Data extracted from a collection
........
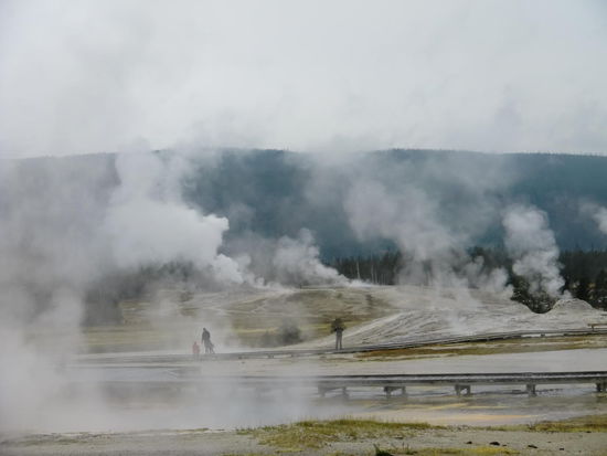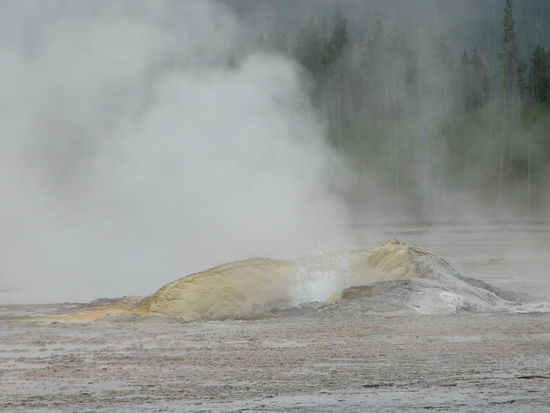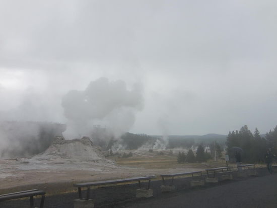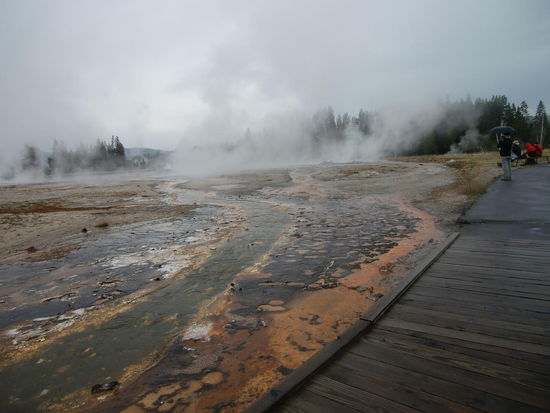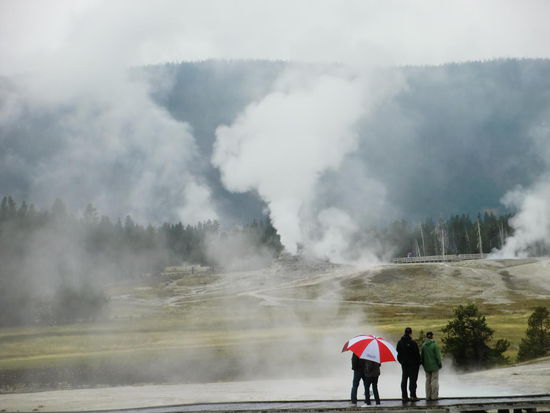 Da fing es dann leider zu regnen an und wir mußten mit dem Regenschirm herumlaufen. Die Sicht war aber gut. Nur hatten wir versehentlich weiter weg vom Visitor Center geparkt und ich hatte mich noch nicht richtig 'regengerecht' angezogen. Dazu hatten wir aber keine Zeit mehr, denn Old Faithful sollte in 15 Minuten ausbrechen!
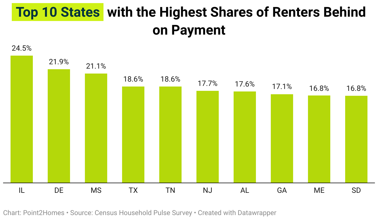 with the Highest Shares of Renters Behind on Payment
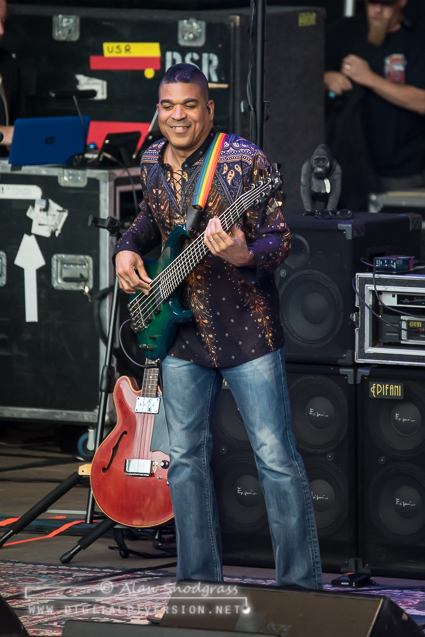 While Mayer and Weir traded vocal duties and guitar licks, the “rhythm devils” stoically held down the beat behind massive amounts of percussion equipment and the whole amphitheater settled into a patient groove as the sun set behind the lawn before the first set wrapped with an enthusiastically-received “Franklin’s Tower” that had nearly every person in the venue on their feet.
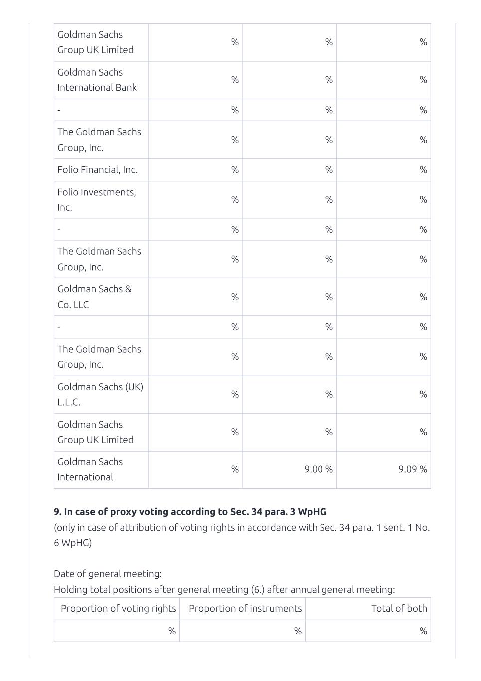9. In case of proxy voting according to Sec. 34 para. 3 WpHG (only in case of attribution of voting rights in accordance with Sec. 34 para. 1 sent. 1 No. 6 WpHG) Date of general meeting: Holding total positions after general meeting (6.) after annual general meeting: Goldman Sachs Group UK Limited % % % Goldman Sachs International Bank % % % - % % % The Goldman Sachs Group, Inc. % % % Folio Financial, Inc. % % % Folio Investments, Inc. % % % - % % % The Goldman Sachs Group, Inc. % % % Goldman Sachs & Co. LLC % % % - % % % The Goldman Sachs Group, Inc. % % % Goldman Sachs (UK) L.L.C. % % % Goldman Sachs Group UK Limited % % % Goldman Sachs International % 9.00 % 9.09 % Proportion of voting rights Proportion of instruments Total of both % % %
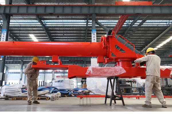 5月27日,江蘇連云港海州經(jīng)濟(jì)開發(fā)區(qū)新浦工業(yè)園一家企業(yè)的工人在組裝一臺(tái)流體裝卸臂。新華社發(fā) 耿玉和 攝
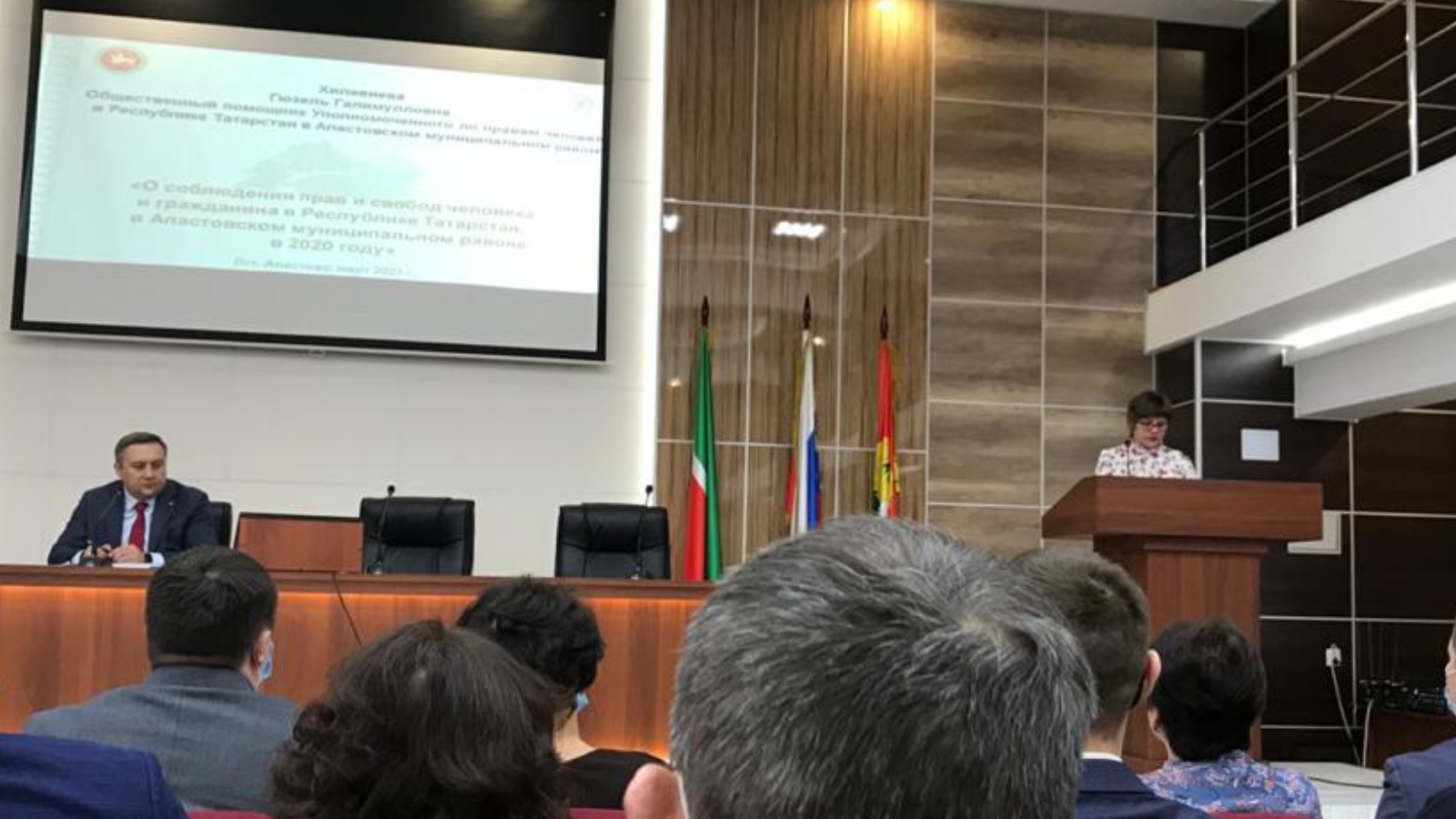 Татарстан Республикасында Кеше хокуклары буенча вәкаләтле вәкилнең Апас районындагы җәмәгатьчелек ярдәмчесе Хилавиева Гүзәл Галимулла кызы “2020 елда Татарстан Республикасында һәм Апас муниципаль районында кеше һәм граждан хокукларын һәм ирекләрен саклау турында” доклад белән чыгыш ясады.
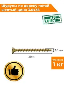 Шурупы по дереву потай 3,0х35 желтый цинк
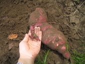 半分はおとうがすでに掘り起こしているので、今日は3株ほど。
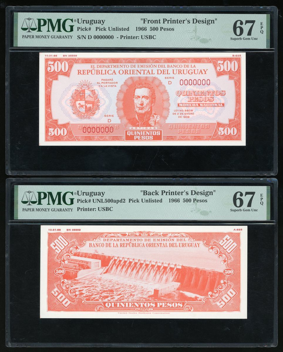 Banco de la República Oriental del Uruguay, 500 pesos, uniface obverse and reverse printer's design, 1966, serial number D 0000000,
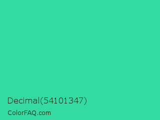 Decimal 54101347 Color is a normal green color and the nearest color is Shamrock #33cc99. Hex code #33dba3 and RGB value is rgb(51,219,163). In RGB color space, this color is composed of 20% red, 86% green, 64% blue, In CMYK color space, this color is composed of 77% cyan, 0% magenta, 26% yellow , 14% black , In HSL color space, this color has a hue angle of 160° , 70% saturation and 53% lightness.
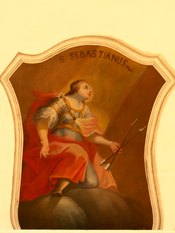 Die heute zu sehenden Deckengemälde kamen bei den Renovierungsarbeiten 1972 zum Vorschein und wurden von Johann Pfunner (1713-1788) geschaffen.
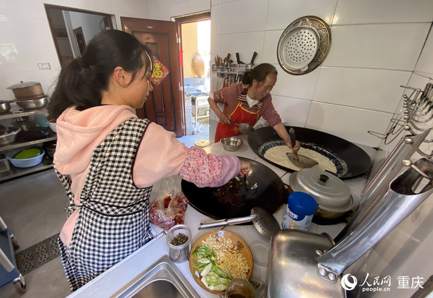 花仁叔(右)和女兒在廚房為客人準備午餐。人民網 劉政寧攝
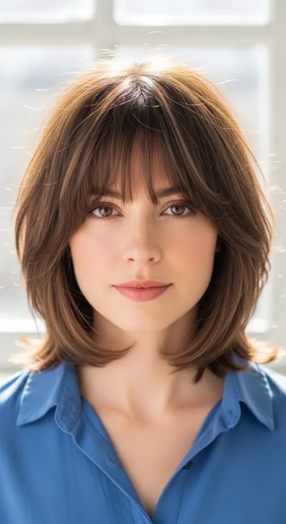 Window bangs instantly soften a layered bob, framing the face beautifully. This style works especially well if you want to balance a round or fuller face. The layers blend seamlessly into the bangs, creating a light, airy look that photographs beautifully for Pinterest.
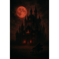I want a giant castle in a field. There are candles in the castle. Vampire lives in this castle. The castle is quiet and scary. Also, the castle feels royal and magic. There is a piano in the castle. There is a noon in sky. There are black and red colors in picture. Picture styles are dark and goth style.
........
Instructions to follow
Omit the pictures. Print, word for word, the lines from the beginning of the entries above through the line that holds "with the Highest".

Task result
 Da fing es dann leider zu regnen an und wir mußten mit dem Regenschirm herumlaufen. Die Sicht war aber gut. Nur hatten wir versehentlich weiter weg vom Visitor Center geparkt und ich hatte mich noch nicht richtig 'regengerecht' angezogen. Dazu hatten wir aber keine Zeit mehr, denn Old Faithful sollte in 15 Minuten ausbrechen!
 with the Highest Shares of Renters Behind on Payment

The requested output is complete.